- У меня есть поправки к плану, - деловито, уже без сарказма сказала мъера. – Люди не дойдут сейчас до границы с княжеством. Они истощены непосильной работой. Надо разрушить вход непосредственно в штольни, но оставить жилую часть, где они смогут дожить до весны. Продукты завезены. О том, что здесь произошло никто не узнает все зимние месяцы, так как связи никакой нет. Правда охранникам лучше будет уйти на свой страх и риск.
- Мъера Надка, у вас дельное предложение. Может так и поступим. Сейчас дело за вами. Как вы проведете нас в пещеры? Может у вас есть среди охраны свой человек, который не предаст? – сказал Алесандрис.
- Есть у меня надсмотрщица Тулка на примете. Женщина она справедливая, зря ни одной каторжанки не наказала, да и мне обязана. Поговорю с ней сразу же. А как провести? Сын мой вчера предложил неплохой план, - сказала лекарка и посмотрела на Михана, как бы давая ему слово.
- Да под видом каторжан и проведем. Я попрошу в помощь двоих для срочных работ, выведу их горы, а вместо них зайдете вы, переодевшись в их лохмотья.
- А самих каторжан куда денем? Не убивать же их, - сказал Алесандрис.
- Никого не убьем, усыпим только, - уточнила мъера Надка.
Мы еще в подробностях обговорили наши совместные действия и собрались было уже разойтись, как мъера Надка задала вопрос:
- А что будем делать с начальником? Он тоже в дальней родне к нам, но вряд ли согласиться с нашими действиями.
- То есть он тоже знает тех, кому поставляет руду? – спросил я.

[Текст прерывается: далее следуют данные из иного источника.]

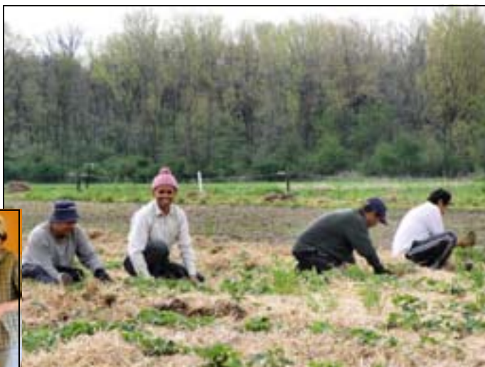
Above: Four Bhutan refugees came from Living Water in Chicago to help weed strawberries and plant tomatoes and melons for four days.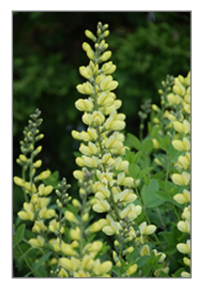
Carolina Moonlight False Indigo flowers

This is a relatively low maintenance plant, and is best cleaned up in early spring before it resumes active growth for the season. It is a good choice for attracting bees and butterflies to your yard. It has no significant negative characteristics.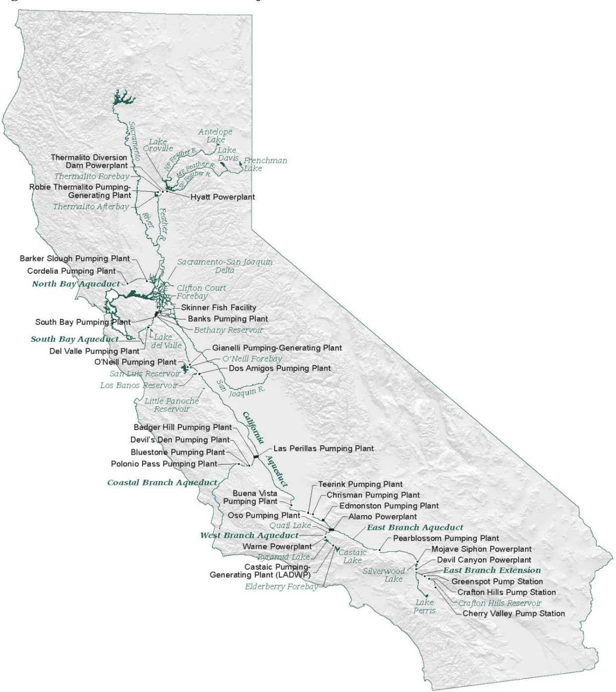
Figure 1. Facilities of the State Water Project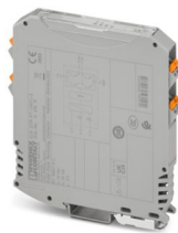
Electronic reversing load relay, for controlling DC motors, with LED display and protective circuit, output: 24 V DC/3 A with a switch-over time of 5 ms

Please be informed that the data shown in this PDF document is generated from our online catalog. Please find the complete data in the user documentation. Our general terms of use for downloads are valid.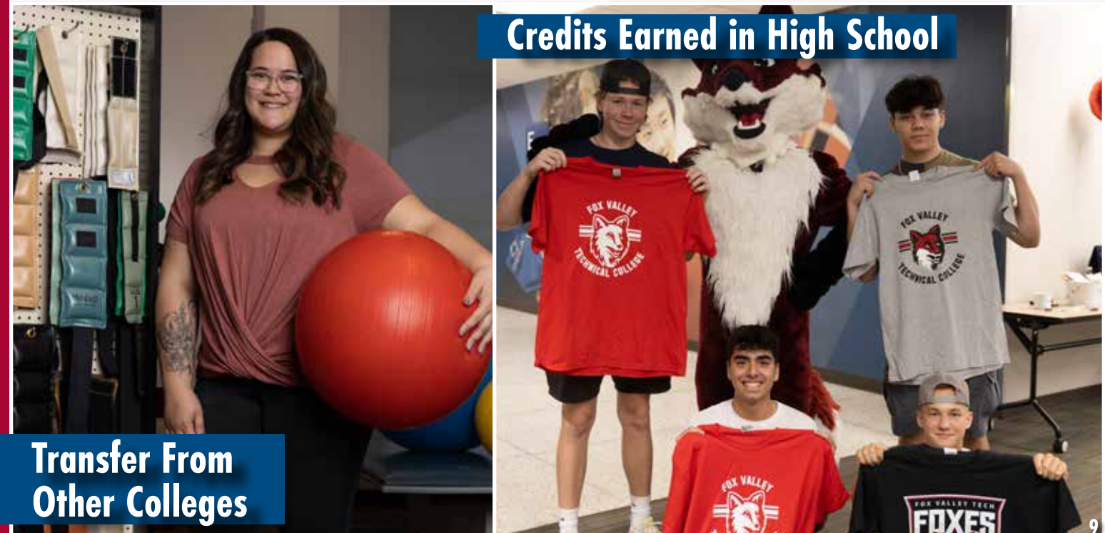
Transfer From Other Colleges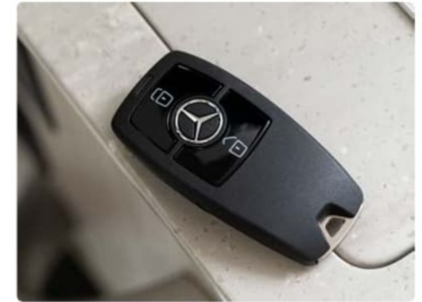
Remote Key Fob Entry Coach Entrance Door

- Знает, именно этим летом мъер Финк уезжал с шахты для встречи с кем-то. По весне письмо пришло с обозом, его вызывали, он и уехал. Вернулся только к осени, - рассказала лекарка.
- Тогда и его придется забрать, - решил Алесандрис, и я с ним согласился
Глава 32
…разлук не видят встречи...
Сергей Наровчатов
Дни пролетали за днями. Малыш подрос, и я благодарила всех богов, что у меня есть молоко, иначе не знала бы, чем кормить ребенка в таких условиях. Сегодня мъера Надка ушла с обеда и в лекарню не приходила, так же как и Милка. Мне пришлось одной оказывать помощь рудокопу, придавившему руку камнем, а так остаток вечера прошел в стирке и купании сыночка. В свете тусклых светильников и отражении от каменных черных стен пещеры тельце ребенка казалось не белым или розовым, а серым. От жалости к сыну хотелось плакать.
Я уже собиралась ложиться спать, когда лекарка привела к нам в сопровождении своего сына двух каторжан, закутанных так, что не было видно их лиц. Капюшоны были задвинуты низко на лица, хотя фигуры выдавали в них точно мужчин. Какое-то смутное беспокойство охватило меня, и я сделала шаг назад.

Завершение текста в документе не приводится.